In Hubbell's 2001 book, The Unified Neutral Theory of Biodiversity and Biogeography, he pointed to a surprising feature of some measurements of relative species abundance distributions (RSAs). The measurements are indistinguishable from fictional distribution curves generated by models based on random processes; that is, processes in which the fates of hypothetical species owe purely to chance events in birth, death, and immigration rather than to their adaptive prowess. Of course, in real life, adaptation to niches is an obvious feature of living creatures. For example, polar bears are adapted to the chilly niche of the Arctic, not to the sultry niche of the tropics. Still, Hubbell's findings hinted that the abundance of species and the development of ecological communities and ecosystems owe more to chance processes, and less to biology, than previously had been assumed.

Since 2001, numerous researchers have published the results of field tests of Hubbell's theory, based on their analyses of life forms and habitats such as tropical forests, North American birds, tropical reef fishes and corals, marine benthic communities in intertidal zones, and pollen records of eastern North American during the Holocene. Test results have varied from strongly positive to strongly negative. Some groups have disagreed in their interpretations of the same data.

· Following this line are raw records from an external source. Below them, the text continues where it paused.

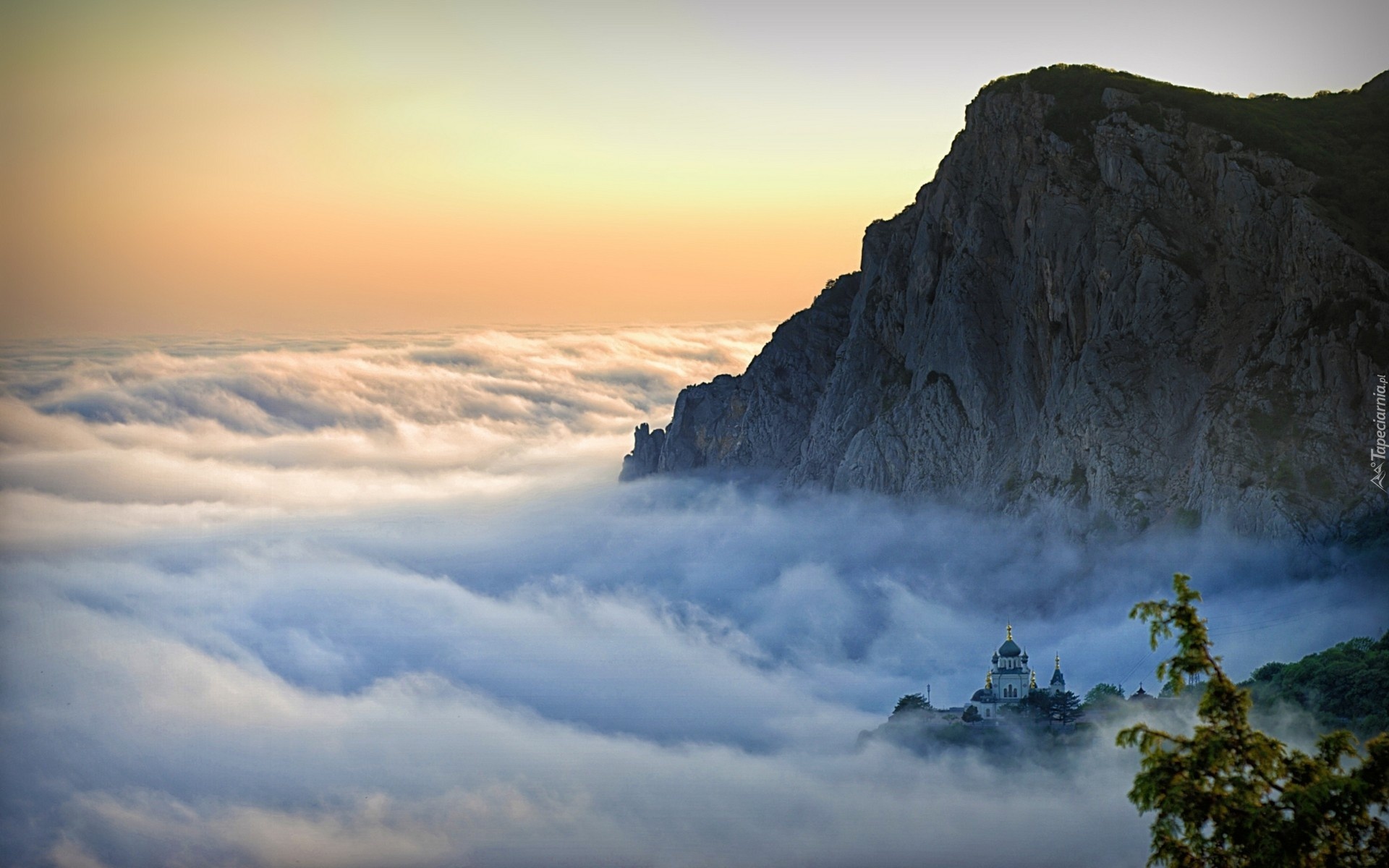 Edytor tapety: Góry, Chmury, Pałac, Drzewo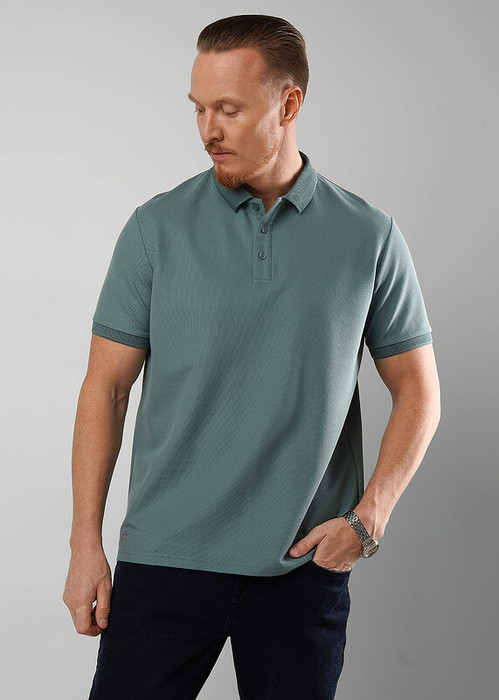 Мужская базовая футболка-поло. Модель дополнена вязанными отделками, фирменной фурнитурой и вышивкой. Изделие отлично сочетается с любыми брюками или джинсами.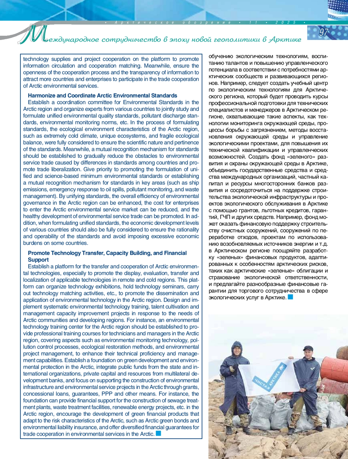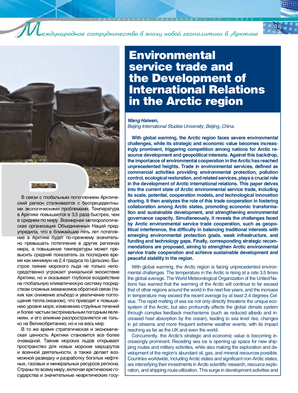 В связи с глобальным потеплением Арктический регион сталкивается с серьезными экологическими проблемами, в то время как его стратегическая и экономическая ценность становится все более очевидной, вызывая конкуренцию между странами за освоение арктических ресурсов и геополитические интересы. На этом фоне важность экологического сотрудничества в Арктике достигла беспрецедентных высот. Торговля экологическими услугами, определяемая как коммерческая деятельность, обеспечивающая охрану окружающей среды, борьбу с загрязнением, восстановление окружающей среды и сопутствующие услуги, играет решающую роль в развитии международных отношений в Арктике. В статье рассматривается текущее состояние торговли экологическими услугами в Арктике, включая ее масштабы, потенциал, модели сотрудничества и обмен технологическими инновациями. Далее в нем анализируется роль этого торгового сотрудничества в укреплении взаимодействия между арктическими государствами, содействии экономическим преобразованиям и устойчивому развитию, а также в укреплении потенциала экологического управления. Одновременно в нем раскрываются проблемы, с которыми сталкивается сотрудничество в сфере торговли экологическими услугами в Арктике, такие как геополитическое вмешательство, трудности с балансированием традиционных интересов с новыми целями в области охраны окружающей среды, слабая инфраструктура, а также нехватка финансирования и технологий. В заключение предлагаются соответствующие стратегические рекомендации, направленные на укрепление сотрудничества в сфере торговли экологическими услугами в Арктике и достижение устойчивого развития и мирной стабильности в регионе.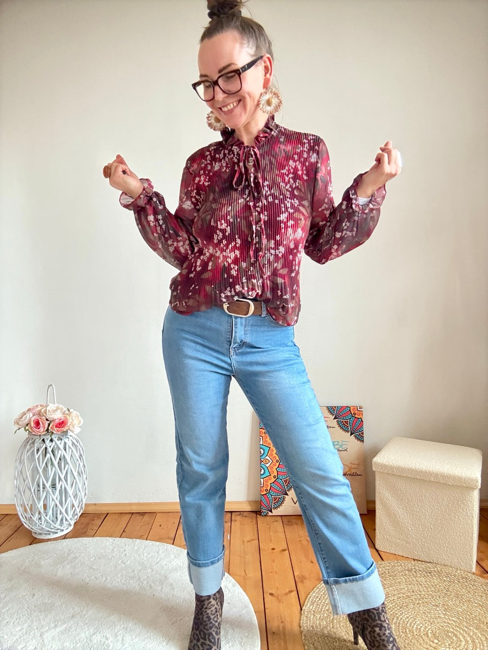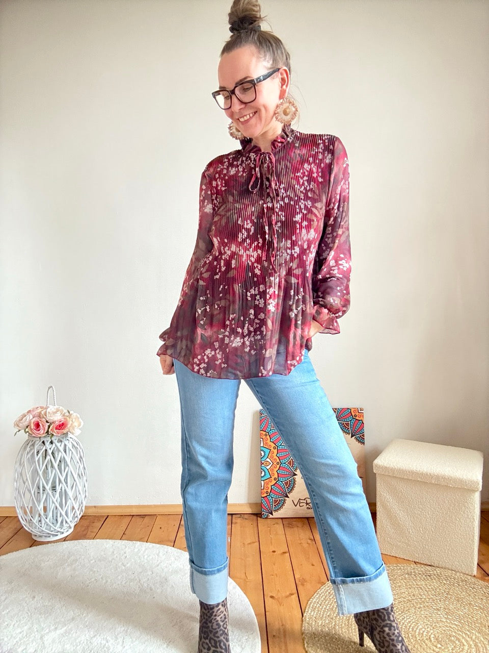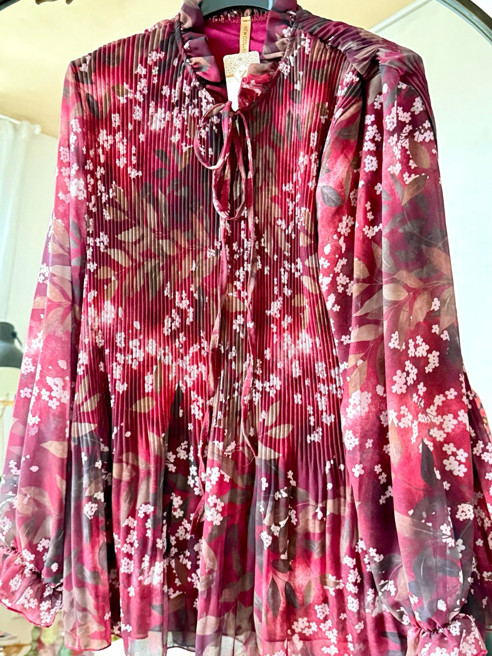 - Wunderschöne, leichte Plissee Schluppen Bluse im Stil der 20er Jahre, unterlegt, mit Blütenmuster in Cherry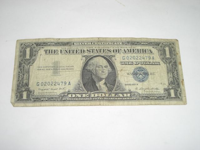 1957 SERIES A $1 SILVER CERTIFICATE NOTE *NICE BILL* Serial# G02022479A!! ***Coin, Currency & All Items Listed in this auction - Grades, Conditions and Values are not Safe Deposit Coins LLC Responsibilty. Grades, Condition and Values are determined by Consigner(s) & Buyers ONLY***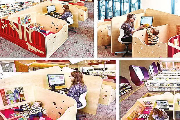 Recently, a tweet about a Virginia library that went out of its way to accommodate parents went viral. The tweet included a photo of a desk or carrel that had a built-in toddler-friendly sidecar, so that parents without child care who need to use the desk’s accompanying computer might have their kids occupied, distracted and comfortably contained for a few minutes, allowing them to focus.
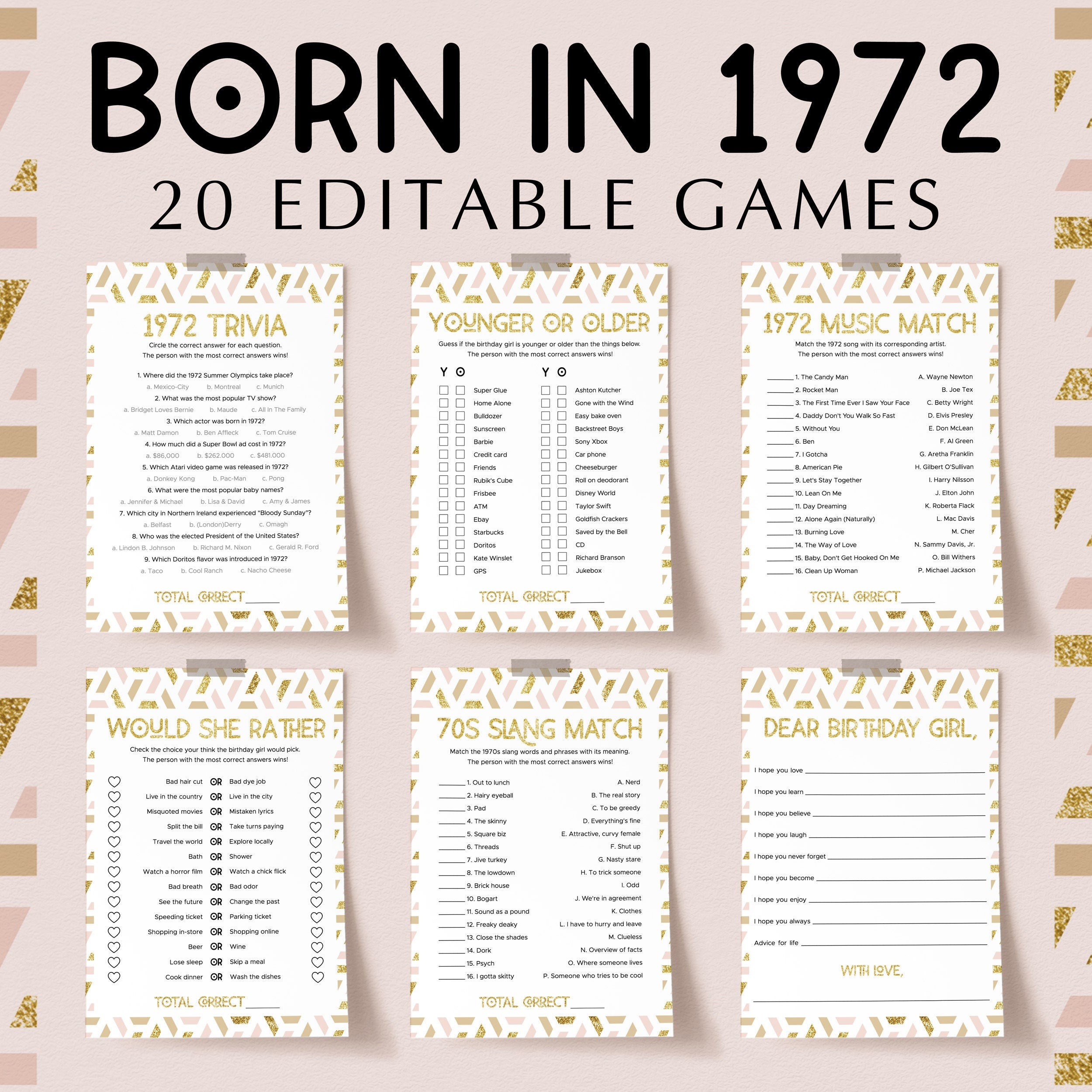 50th Birthday Games For Woman Born In 1972 Trivia Fun Facts Etsy India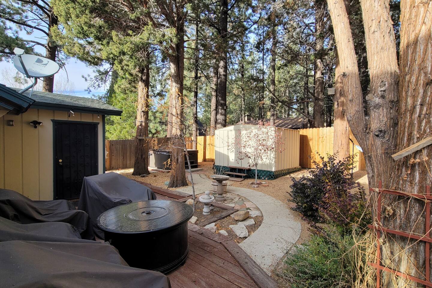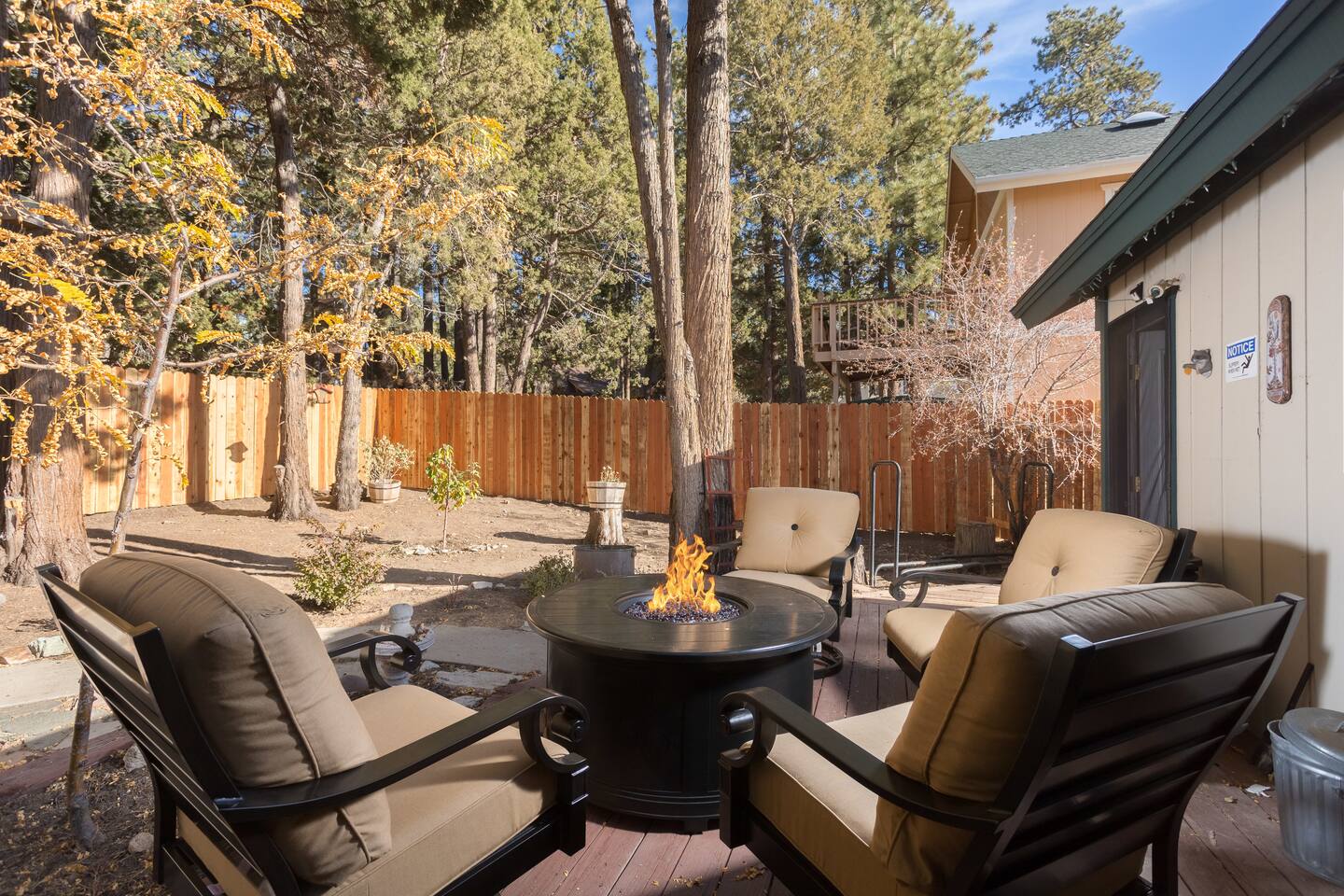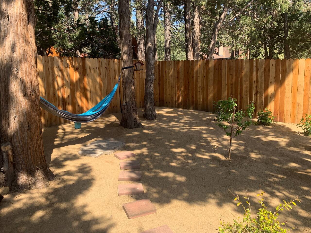 The Hot tub has been repaired as of August 2023 and is working great! . Big Bear Lake local ordinance 99.300 limits maximum occupancy to 5 people & 2 parked cars. (Children, toddlers, and infants do count as people.) Please do not book or arrive with more than the maximum or you could be fined from the city and evicted with no money back. Right down the street from Bear Mountain, cozy Moonridge Cabin has the perfect location and views, to the ski resorts and only minutes from Big Bear Village. Swing on the outdoor porch swing while enjoying the amazing ski mountain and golf course view while hearing all the animals in the new rescue zoo right down the street. Or head to the backyard and enjoy the privacy of your own hot tub (installed in 2019). This charming cozy amazing view cabin in Moonridge has 1 level, 2 bedrooms, 2 patios, 2 full bathrooms, and is located directly across the street from the Bear Mountain Golf Course’s 4th hole (on the sunny side of the golf course!). Moonridge Cabin features beautiful views of Bear Summit and is located right around the corner from Bear Mountain Ski Resort! This Big Bear getaway has a floor-to-ceiling rock fireplace (wood burning), central heating, free high speed Wi-Fi, TVs with Roku & Netflix, a master suite, separate laundry room, fully fenced backyard, & a hot tub. The kitchen is fully-stocked and all bedding & linens are provided by our professional cleaning crew. This rustic retreat is the perfect getaway for family, friends, & even pets! Two dog Maximum. ROOM DESCRIPTIONS * Front Patio: Moonridge Cabin has 2 patios. The front patio features an outdoor dining table for 4, porch swing, & BBQ grill. * Living Room: Open-concept living room with entry bench, TV with Roku, sitting area with sofa, & a floor-to-ceiling rock (wood burning) fireplace. * Kitchen: Open-concept kitchen with breakfast bar seating for 2, gas range, toaster, microwave, coffee maker, dishwasher, & refrigerator. * Dining Area: Open-concept dining area adjacent to the kitchen with dining table for 4-6 & entrance to back patio. * Bedroom #1 (Master Bedroom): Master bedroom with 1 king bed, dresser, TV with Roku, closet, & en-suite bathroom. * Bathroom #1 (Master Bathroom): Full en-suite master bathroom with a shower & jetted bath tub. * Laundry Room: Laundry room next to the master bedroom (Bedroom #1) with entrance to backyard and full size washer & dryer. * Bedroom #2: Bedroom with 1 queen bed, dresser, desk, TV with Roku, 1 bunk bed (2 twin beds), ceiling fan, closet, & beautiful views of the golf course. The bunk beds each have a maximum weight of 185 lbs. * Bathroom #2: Full bathroom next to the living room with hairdryer, shower, & bath tub. * Back Patio: Moonridge Cabin has 2 patios. The back patio features a fully fenced backyard complete with firepit, outdoor seating, & hot tub RECORDING DEVICE/ CAMERA DISCLOSURE: We have ONE (1) active doorbell (Ring) camera facing the entrance and the driveway. It is active 24/7 and records both sound and video for 30 seconds upon motion. It is on 24/7 during your stayTampering with, covering or disabling this device is a $250 fine. We also have a Minut decibel meter outside on the back deck. Minut is 100% privacy compliant- and cannot record conversations- it only reports noise levels so we have proof in case neighbors or Code Enforcement makes a complaint.

A coral reef near a diving point in Palau.
Click here for more information.

In March 2006, Maria Dornelas of James Cook University in Queensland, Australia, and her colleagues published in Nature their study of coral-reef communities in the Indian and Pacific oceans. They found the coral-reef species in various local communities differ from each other far more than expected by neutral theory, and they exhibit RSA patterns that are quite distinct from those of tropical forests. The Nature article was titled "Coral Reef Diversity Refutes the Neutral Theory of Biodiversity." In their new Nature article, Volkov et al. reply to this latest challenge by arguing that the Dornelas team's thesis is invalid because the spatial structure and degree of isolation of coral-reef communities is different from those of tropical forests. In their latest paper, Banavar, Maritan, Volkov, and their collaborators have reanalyzed the Dornelas dataset and have concluded that it and measurements of rainforest species are compatible with an extended version of neutral theory in which all species are equivalent and do not interact with each other or the environment. Their work shows that "a theory in which all interspecific interactions are turned off leads to analytical results that are in good agreement with RSA data from tropical forests and coral reefs," the Nature article says. This agreement is so despite the obvious differences between the two types of communities -- coral reefs being composed of "many small, isolated communities" and tropical rainforests being "larger and more connected."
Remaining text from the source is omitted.